反対殺到 自民取り下げ

※しんぶん赤旗2023年10月11日 記事pdf

〝子供放置禁止〟埼玉県虐待禁止条例案
反対殺到自民取り下げ

 子どもだけでの遊びや登下校を禁止し、県民から批判の声があがっていた、自民党埼玉県議団提出の県虐待禁止条例の改正案をめぐり、自民党県議団は10日、改正案を取り下げると発表しました。
 同改正案は、9歳以下の子どもを自宅などに放置することを禁止するもの。日本共産党県議団の質疑などにより、「9歳以下の子どもだけで公園で遊ばせる」「9歳以下の小学生だけで集団登下校」などが禁止行為にあたると明らかになっていました。
 改正案は、6日の県議会福祉保健医療委員会で自民、公明の賛成多数で可決され、県議会最終日の13日の本会議での可決・成立が狙われていました。
 しかし、県民の反対の声が急速に広がり、県内の子育て中の女性が呼びかけたオンライン署名には8万9000人以上(10日午後5時時点)から署名が集まっています。
 自民党県議団の田村琢実団長は会見で、取り下げの理由について「私の説明不足だ」として、「県民から不安の声があり、おわびしたい」と述べました。
 同日、新日本婦人の会が呼びかけて県庁前で行った改正案に抗議する宣伝には、約230人が参加。

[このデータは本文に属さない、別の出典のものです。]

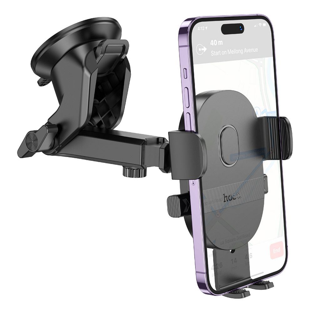 Um suporte universal para carro que se fixa ao painel ou ao para-brisa. O braço ajustável com cabeça giratória de 360° permite ajustar perfeitamente a posição do dispositivo às suas necessidades, na vertical ou na horizontal.
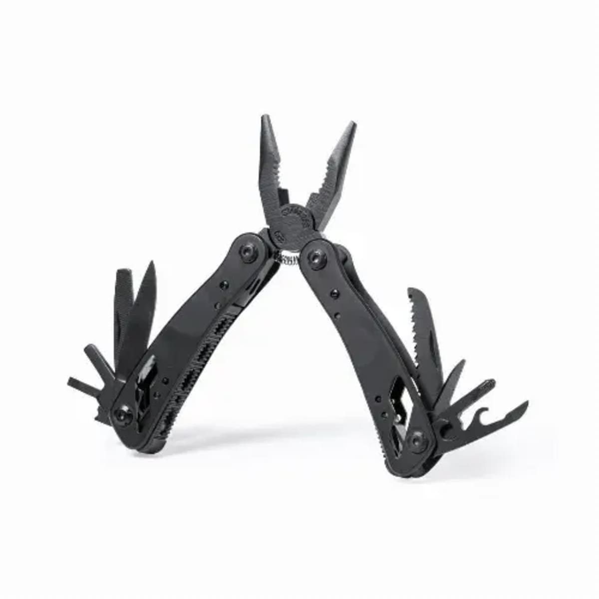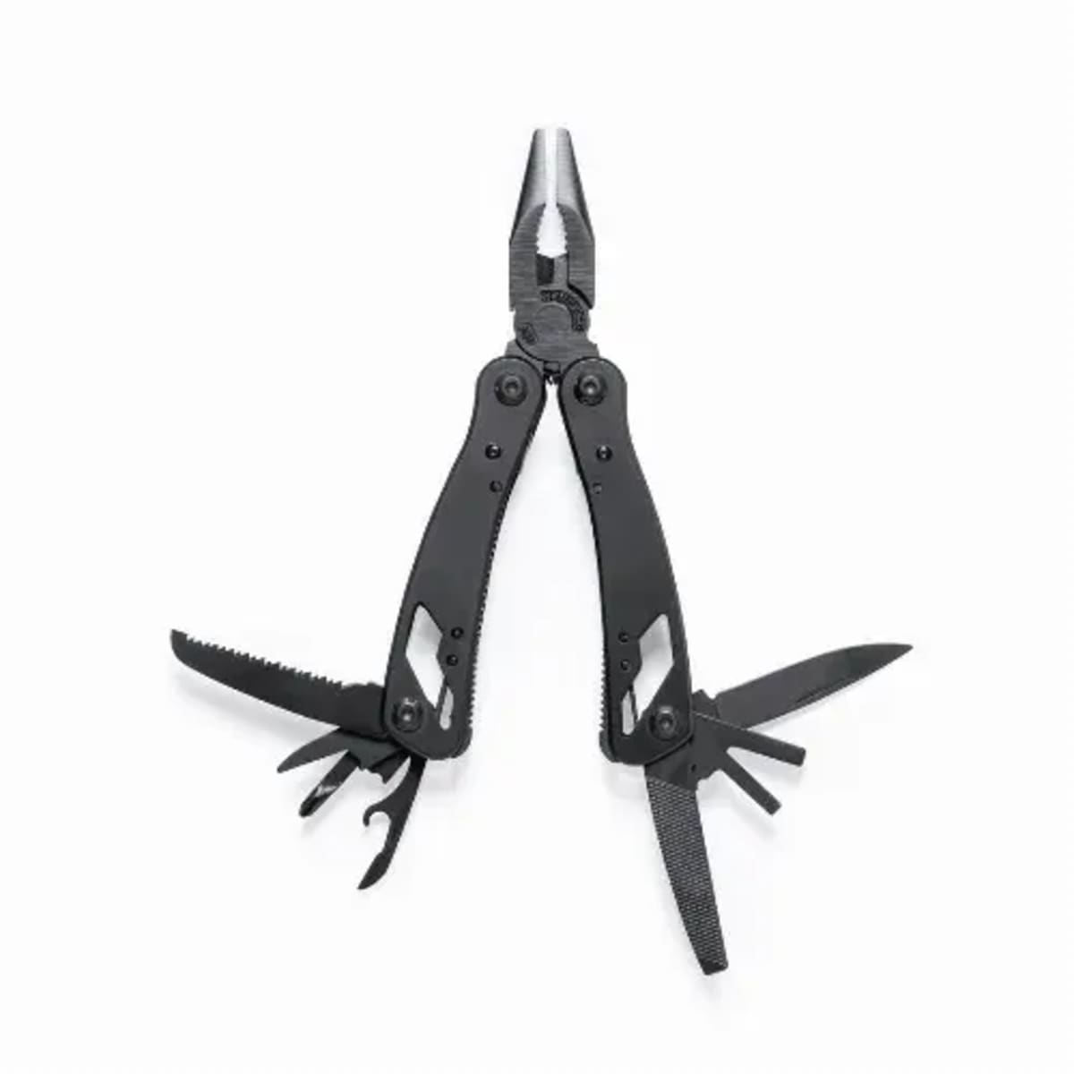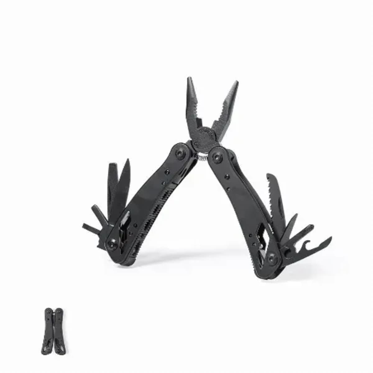 Features:  With 13 functions, including knife, screwdriver, file, opener, and pliers. Foldable and compact in size, presented in an individual box in black design.

リレートーク中、改正案取り下げの速報があり、参加者から歓声と拍手がわき起こりました。
 参加した、小学生の子育て中の橋本容子さん(44)は「市民の声で政治を動かすことができた。みんなが政治に参加し、自分たちのことを自分たちで決めていけるようになってほしい」と語りました。
 共産党県委員会と同県議団は、改正案取り下げは「県民・国民の運動の巨大な成果」だとして、虐待根絶へ国と自治体、地域社会が児童擁護者(保護者など)を支援する施策の実現へ奮闘するとした声明を発表しました。